» Assignment
Return exactly the lines below, starting with the one that has "de serie walvisvaart)" and going on through the one that has "BRINCO BANHADO EM".
Data provided Start Marker
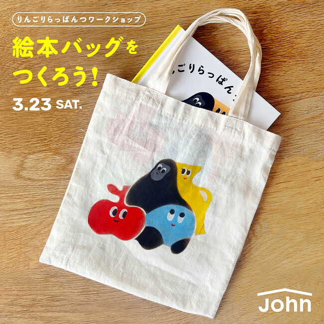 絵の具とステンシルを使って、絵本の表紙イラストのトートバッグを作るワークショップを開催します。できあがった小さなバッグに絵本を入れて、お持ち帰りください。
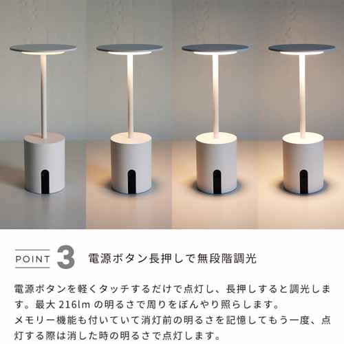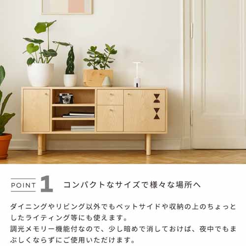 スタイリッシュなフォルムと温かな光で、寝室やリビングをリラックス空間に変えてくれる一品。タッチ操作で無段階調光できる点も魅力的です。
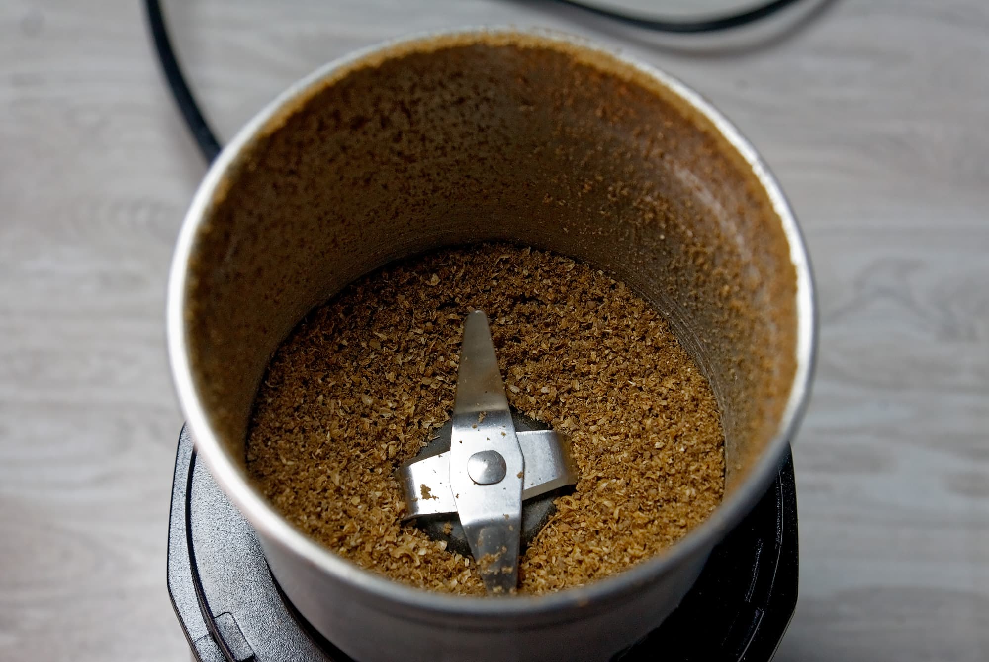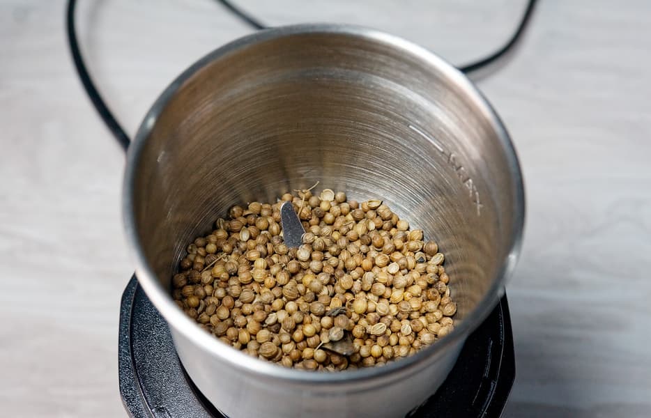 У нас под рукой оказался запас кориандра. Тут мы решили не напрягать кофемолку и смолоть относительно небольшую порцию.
Data provided End Marker
Data provided Start Marker
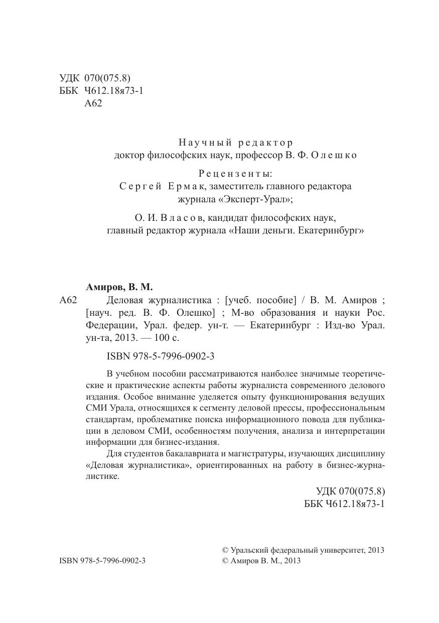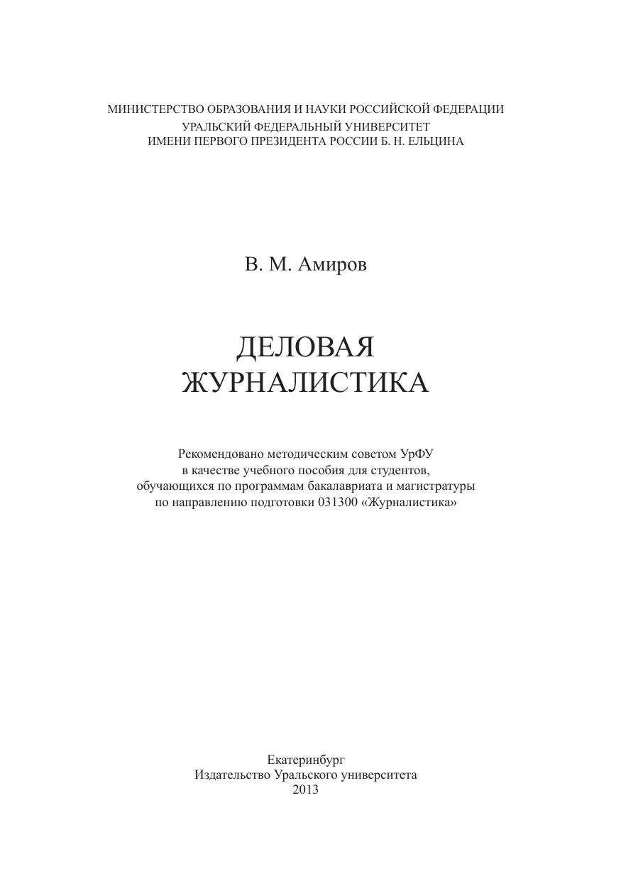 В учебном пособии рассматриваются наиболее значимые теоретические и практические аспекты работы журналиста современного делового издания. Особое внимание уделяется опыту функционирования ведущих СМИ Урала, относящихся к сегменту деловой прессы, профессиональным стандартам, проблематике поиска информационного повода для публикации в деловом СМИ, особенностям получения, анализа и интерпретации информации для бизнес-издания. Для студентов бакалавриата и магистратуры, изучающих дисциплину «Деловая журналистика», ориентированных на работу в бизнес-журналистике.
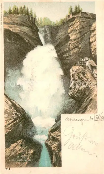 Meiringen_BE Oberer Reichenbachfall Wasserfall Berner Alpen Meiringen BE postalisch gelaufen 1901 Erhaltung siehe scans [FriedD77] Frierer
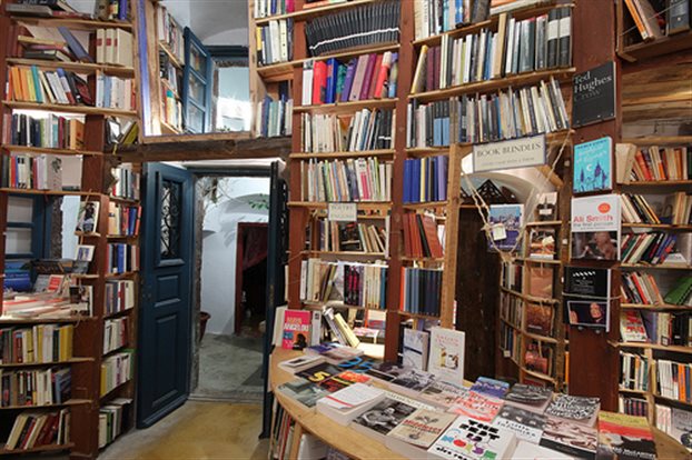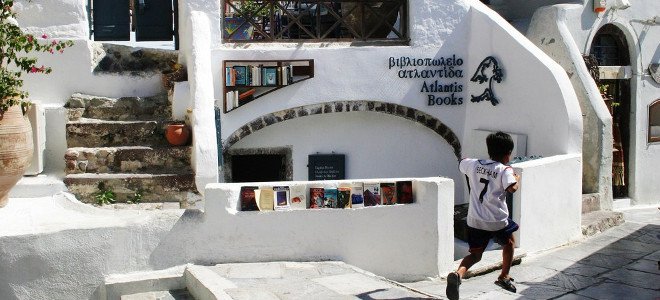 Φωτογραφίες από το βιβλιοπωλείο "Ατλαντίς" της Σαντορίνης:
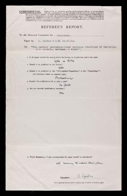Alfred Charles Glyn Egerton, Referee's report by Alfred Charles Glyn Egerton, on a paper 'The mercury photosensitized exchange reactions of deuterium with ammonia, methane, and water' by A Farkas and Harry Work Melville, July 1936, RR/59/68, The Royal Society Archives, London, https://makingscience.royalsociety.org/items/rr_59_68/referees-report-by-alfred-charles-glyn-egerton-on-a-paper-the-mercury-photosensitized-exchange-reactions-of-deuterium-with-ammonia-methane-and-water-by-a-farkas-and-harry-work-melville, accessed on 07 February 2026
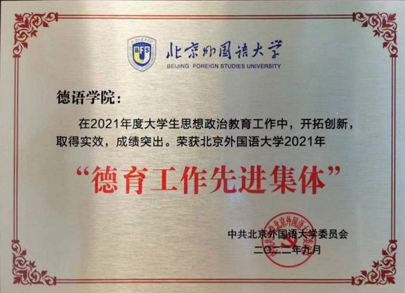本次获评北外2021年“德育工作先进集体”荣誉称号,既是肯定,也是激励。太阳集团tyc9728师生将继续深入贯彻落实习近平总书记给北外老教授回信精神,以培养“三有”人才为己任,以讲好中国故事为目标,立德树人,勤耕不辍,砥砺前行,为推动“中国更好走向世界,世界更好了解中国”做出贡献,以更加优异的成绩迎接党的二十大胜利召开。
Data provided End Marker
Data provided Start Marker
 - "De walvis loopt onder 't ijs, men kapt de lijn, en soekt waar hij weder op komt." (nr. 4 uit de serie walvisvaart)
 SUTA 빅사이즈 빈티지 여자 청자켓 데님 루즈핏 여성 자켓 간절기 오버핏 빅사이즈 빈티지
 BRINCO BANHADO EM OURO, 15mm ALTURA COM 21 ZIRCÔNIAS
Data provided End Marker
» Answer section
 - "De walvis loopt onder 't ijs, men kapt de lijn, en soekt waar hij weder op komt." (nr. 4 uit de serie walvisvaart)
 SUTA 빅사이즈 빈티지 여자 청자켓 데님 루즈핏 여성 자켓 간절기 오버핏 빅사이즈 빈티지
 BRINCO BANHADO EM OURO, 15mm ALTURA COM 21 ZIRCÔNIAS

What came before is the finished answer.